What needs to be done: Below are entries; repeat exactly, and nothing else, the lines from the one holding "1番下と真ん中には重い鍋などを置く為、補強の材木を入れたり調整をしました。" through the one holding "3年ハンドボールの学習が深ま", inclusive. Leave the pictures out.

Study material:

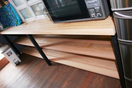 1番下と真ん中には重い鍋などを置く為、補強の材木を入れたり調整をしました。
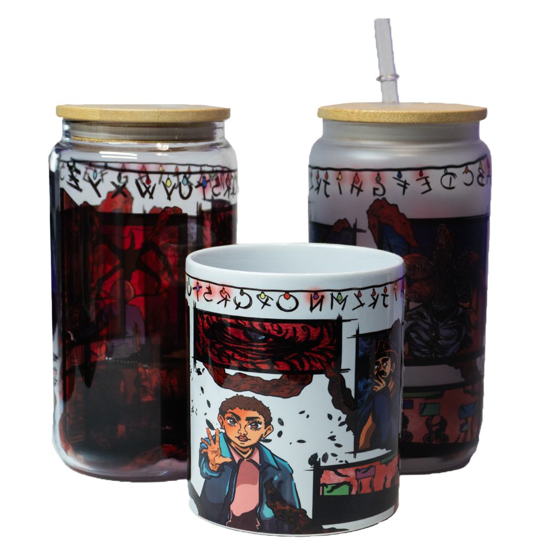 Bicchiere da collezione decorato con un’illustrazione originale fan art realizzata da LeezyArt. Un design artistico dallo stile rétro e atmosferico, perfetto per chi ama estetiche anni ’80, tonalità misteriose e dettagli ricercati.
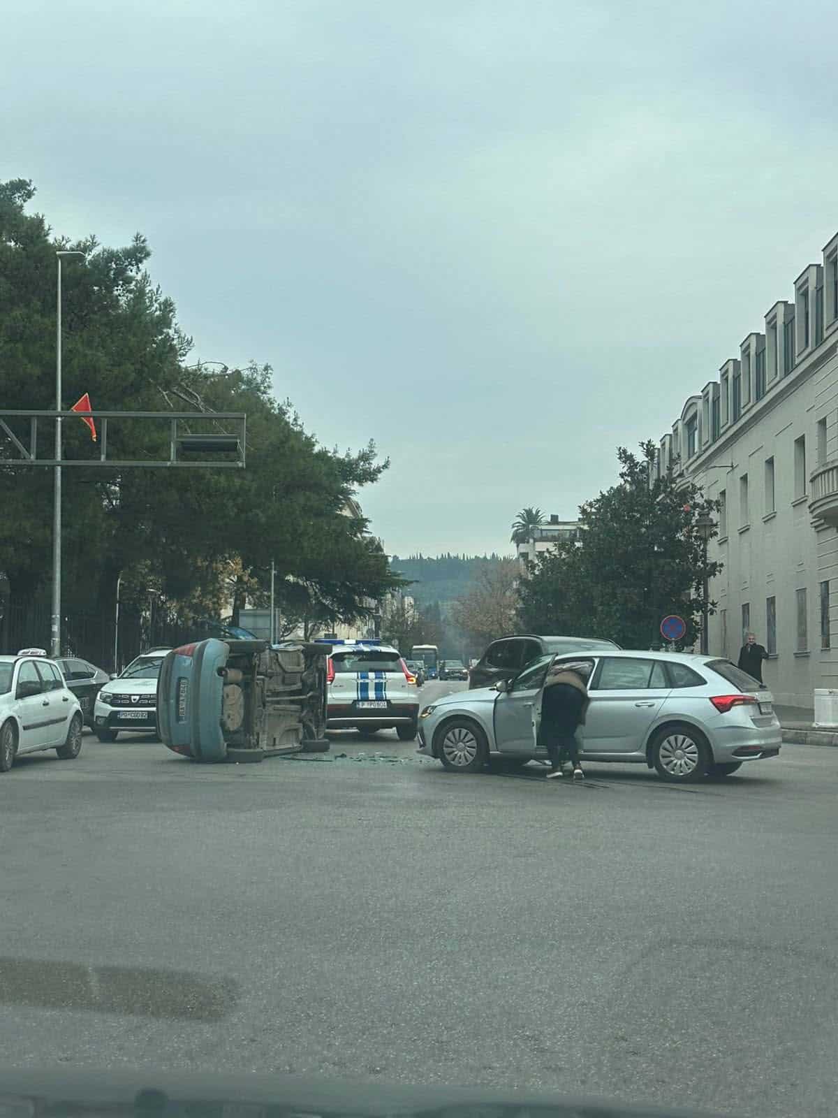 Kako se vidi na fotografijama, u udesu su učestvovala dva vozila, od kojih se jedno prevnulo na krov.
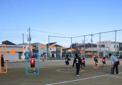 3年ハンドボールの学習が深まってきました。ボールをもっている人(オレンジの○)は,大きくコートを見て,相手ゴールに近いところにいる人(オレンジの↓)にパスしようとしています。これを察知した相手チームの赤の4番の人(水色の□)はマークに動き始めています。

--

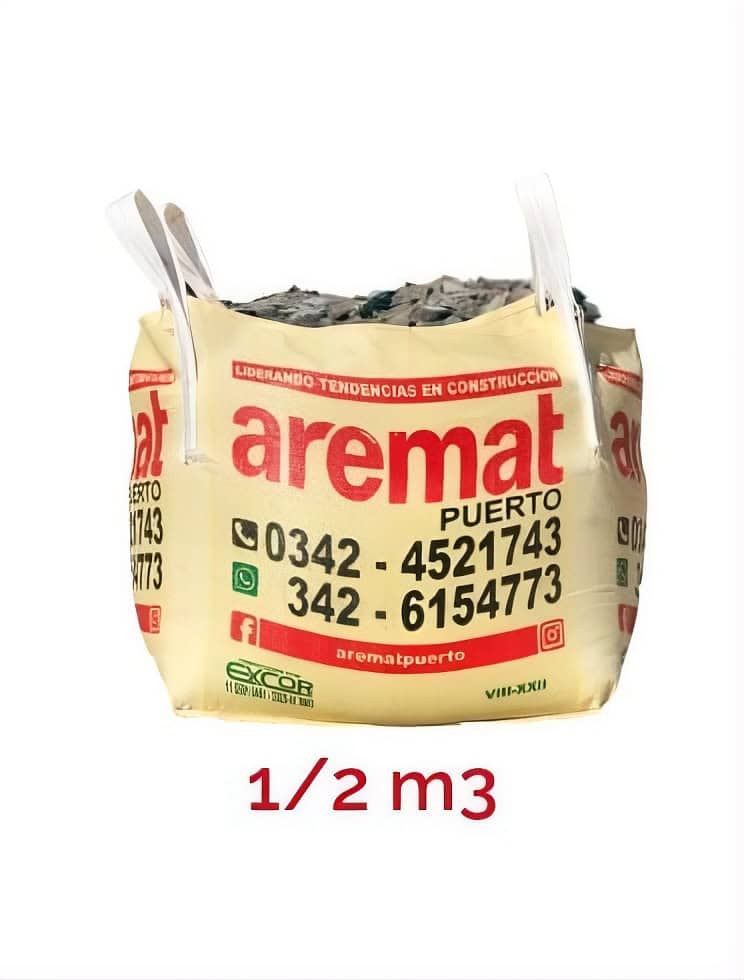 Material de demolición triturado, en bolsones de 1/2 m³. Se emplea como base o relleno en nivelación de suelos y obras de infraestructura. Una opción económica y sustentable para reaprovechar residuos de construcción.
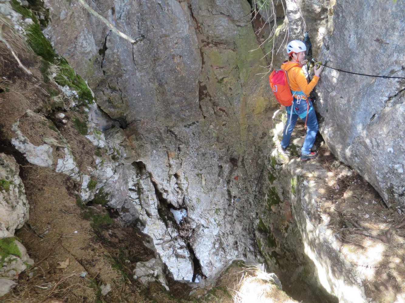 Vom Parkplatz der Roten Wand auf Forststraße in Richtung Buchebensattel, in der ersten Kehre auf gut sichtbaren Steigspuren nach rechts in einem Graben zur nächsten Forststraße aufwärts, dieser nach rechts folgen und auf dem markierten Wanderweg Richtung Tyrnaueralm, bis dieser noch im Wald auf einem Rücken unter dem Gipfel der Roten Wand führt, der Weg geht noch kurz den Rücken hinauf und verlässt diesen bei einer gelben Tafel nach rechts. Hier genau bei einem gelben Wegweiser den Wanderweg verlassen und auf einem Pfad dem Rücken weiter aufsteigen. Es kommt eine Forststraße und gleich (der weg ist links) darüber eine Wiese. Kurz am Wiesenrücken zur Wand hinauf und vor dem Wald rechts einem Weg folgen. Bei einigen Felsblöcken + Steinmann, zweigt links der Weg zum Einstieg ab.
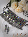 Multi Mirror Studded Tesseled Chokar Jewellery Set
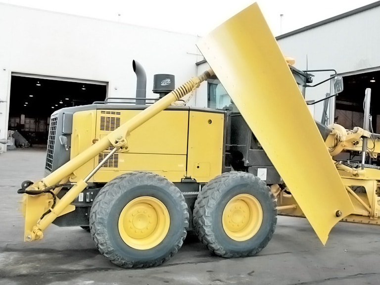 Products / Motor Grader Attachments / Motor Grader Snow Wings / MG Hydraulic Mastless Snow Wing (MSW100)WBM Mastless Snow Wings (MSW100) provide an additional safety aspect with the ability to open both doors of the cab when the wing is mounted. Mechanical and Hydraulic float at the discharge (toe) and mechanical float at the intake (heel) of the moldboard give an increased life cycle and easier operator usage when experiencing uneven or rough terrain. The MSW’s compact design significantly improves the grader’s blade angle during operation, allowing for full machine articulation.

--

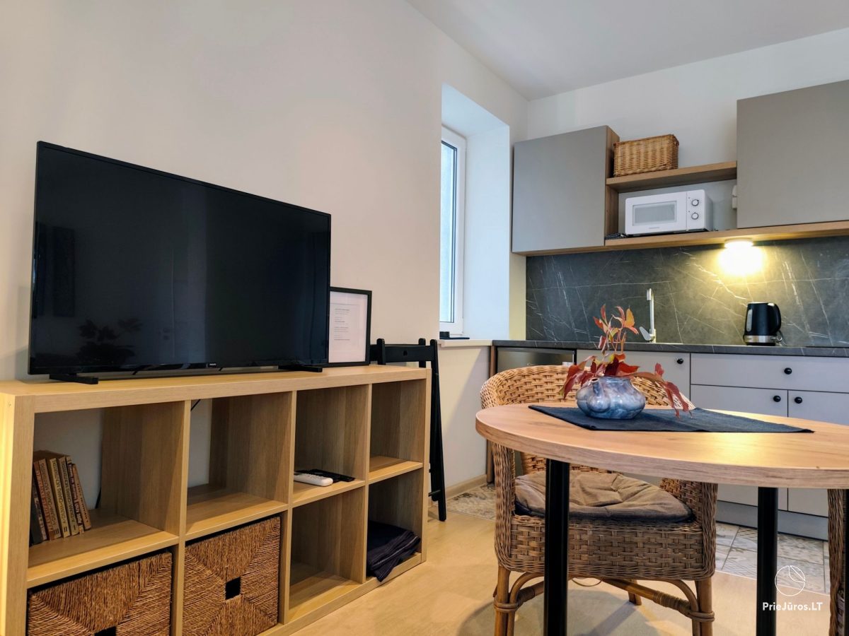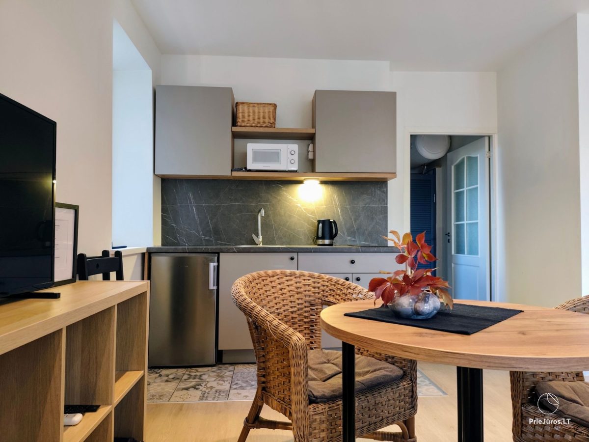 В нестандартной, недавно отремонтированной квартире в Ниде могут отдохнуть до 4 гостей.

Final answer:
 1番下と真ん中には重い鍋などを置く為、補強の材木を入れたり調整をしました。
 Bicchiere da collezione decorato con un’illustrazione originale fan art realizzata da LeezyArt. Un design artistico dallo stile rétro e atmosferico, perfetto per chi ama estetiche anni ’80, tonalità misteriose e dettagli ricercati.
 Kako se vidi na fotografijama, u udesu su učestvovala dva vozila, od kojih se jedno prevnulo na krov.
 3年ハンドボールの学習が深まってきました。ボールをもっている人(オレンジの○)は,大きくコートを見て,相手ゴールに近いところにいる人(オレンジの↓)にパスしようとしています。これを察知した相手チームの赤の4番の人(水色の□)はマークに動き始めています。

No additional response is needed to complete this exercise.